Cinema com Rapadura

OPINIÃO   quarta-feira, 15 de maio de 2019

O Sol Também é Uma Estrela (2019): adaptação honesta e fora do habitual

A obra adaptada do livro homônimo encara o desafio de construir a paixão quase instantânea entre dois imigrantes numa trama sobre aceitar o destino.

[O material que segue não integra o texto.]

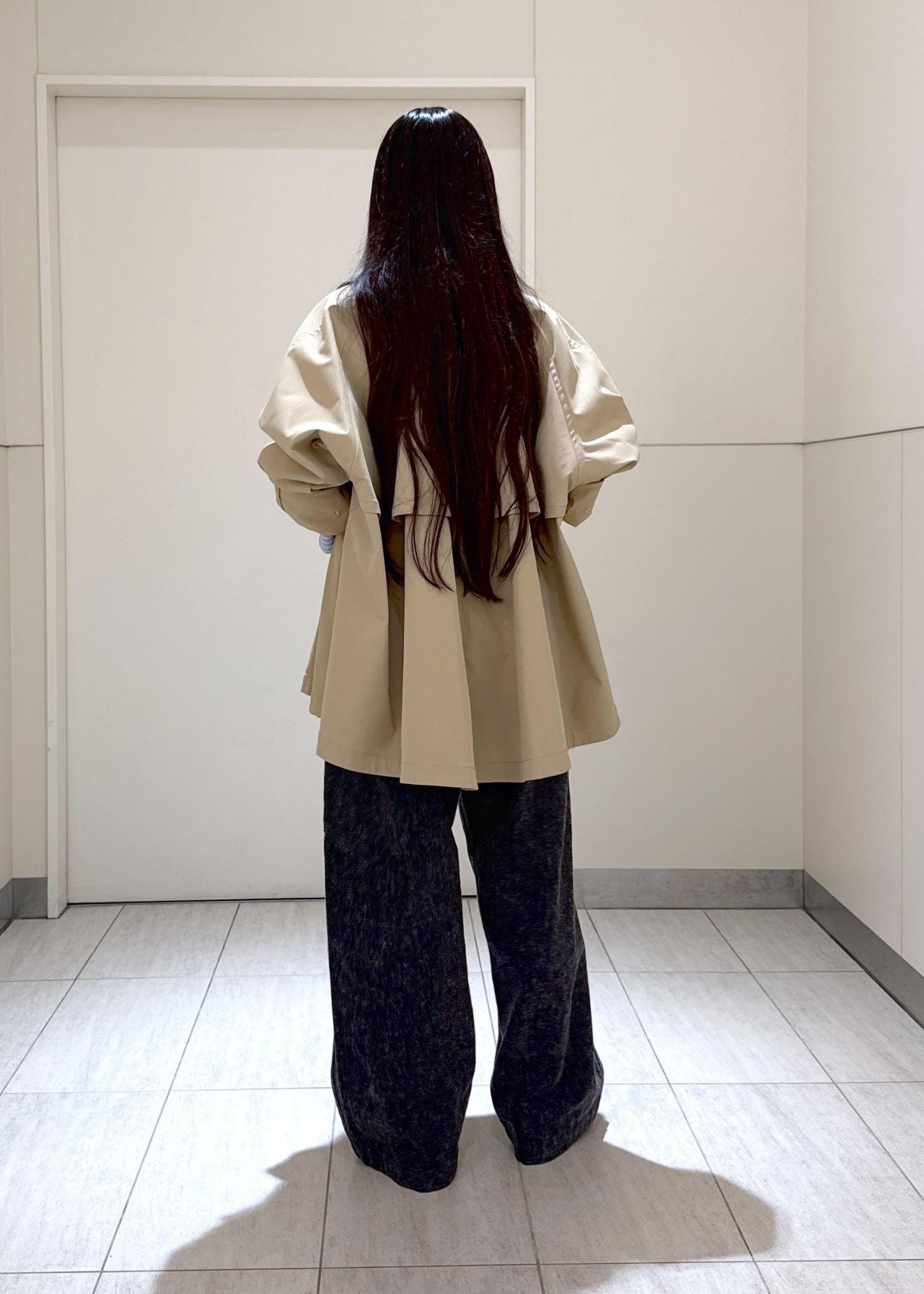 ADAM ET ROPÉ FEMMEフレアーミドルトレンチコートベージュ / F¥33,000レビュー少しAラインのシルエットで身幅もゆったりです。

O Sol Também é Uma Estrela” é uma co-produção entre os estúdios Warner Bros. e MGM baseada no livro homônimo de Nicola Yoon lançado em 2016. Ela descreve o encontro de dois jovens moradores de Nova York que se conhecem e se apaixonam no mesmo dia, mas o mesmo destino que os uniu está prestes a separá-los. A diretora Ry Russo-Young (“Antes Que Eu Vá”) tem a responsabilidade de adaptar para os cinemas uma história já conhecida por um público jovem, que fez a obra encabeçar a lista das mais vendidas em diversos países e certamente traz grandes expectativas de ver seus queridos personagens na telona.

Natasha Kingsley (Yara Shahidi, da série “Black-ish”) resiste ao fato de ter que abandonar o país que a acolheu por nove anos. Sua família jamaicana tem ordem de deportação e precisa deixar os Estados Unidos no dia seguinte, entretanto, a adolescente ainda tem esperança de que alguém vai ajudá-los. Esse alguém não é exatamente Daniel Bae (Charles Melton, da série “Riverdale”), o jovem coreano que cruza o caminho de Natasha rumo a uma entrevista para a faculdade de medicina, mas o romântico poeta não tem dúvidas que o encontro deles é obra do destino e propõe a chance de fazê-la se apaixonar por ele no decorrer de um dia.

Os fãs do livro podem esperar pequenas diferenças no roteiro adaptado por Tracy Oliver (“Viagem das Garotas”), mas a essência dos protagonistas e a estrutura narrativa permanecem. Esta última inclui monólogos narrados pelos atores entre as sequências/capítulos, que são grandes clichês do gênero, porém, aqui servem mais como apresentações dos temas do filme por trás do romance do que como atalhos para a psique dos personagens. Nessas montagens fala-se sobre a relação dos dois e suas famílias com a cidade de Nova York e, é claro, sobre destino versus coincidências e amor versus ciência. A propósito, muito se fala dessa dicotomia entre as personalidades opostas do casal, mas os conflitos que nascem dessa característica são escassos.

O encontro casual de dois jovens de culturas diferentes que usam o pouco tempo que têm para andarem juntos por uma cidade não é inédito. Em 1995, o cinema viu o charmosíssimo “Antes do Amanhecer” de Richard Linklater em que um americano e uma francesa passam juntos suas últimas horas de viagem em Viena. Em “O Sol Também é Uma Estrela”, o palco da história é Nova York, embora evite as partes manjadas da cidade. O filme dá preferência a áreas e bairros não tão conhecidos que estão no caminho do casal, o que acaba sendo uma metáfora oportuna para as origens excepcionais dos protagonistas que também não são vistas com frequência no cinema. Ambos são imigrantes de países e raças distintas e que compartilham o amor à “terra dos livres”. A câmera acompanha os dois pela cidade trabalhando a beleza dos atores e da paisagem uniformemente lembrando até o clima de “Se a Rua Beale Falasse” de Barry Jenkins, só que sem a fotografia inspirada.

Falando em clima, o longa preferiu recortar alguns temas abordados pelo livro para se concentrar no romance, mas esbarra no carisma limitado do elenco. Quando as cenas pedem um pouco mais de cuidado ou emoção, Shahidi e Melton têm dificuldade para entregar e a morna direção também não os ajuda. Fora que a insistência de Daniel para convencer Natasha algumas vezes beira o assédio e a importunação. A montagem é que parece salvar uma execução mediana e, mesmo para quem não conhece o material original, fica a impressão de que a história de amor está melhor contada nas páginas do que nas telas.

Por mais que a narrativa peça permissão para abusar das coincidências na trajetória dos protagonistas, há muitos encaixes convenientes para terminar a trama, que de tão simples talvez coubesse até num palco de teatro. Muitas sequências são costuradas por momentos musicais, outro grande clichê consagrado nesse tipo de filme, mas pelo menos elas não se apoiam na trilha para garantir ritmo. Pelo resultado apresentado, o longa é uma adaptação honesta e de certa forma inédita por apresentar personagens distintos do habitual e em raros ângulos de Nova York. O roteiro escolhe bem os temas a apresentar, porém, o drama perde a força com as decisões de elenco/direção e um corrido desfecho. Da mesma forma que a mensagem central fala sobre estar suscetível ao destino, espera-se que o público esteja de coração aberto a essa singela adaptação para então poder comprar a história e até, de repente, conseguir se emocionar.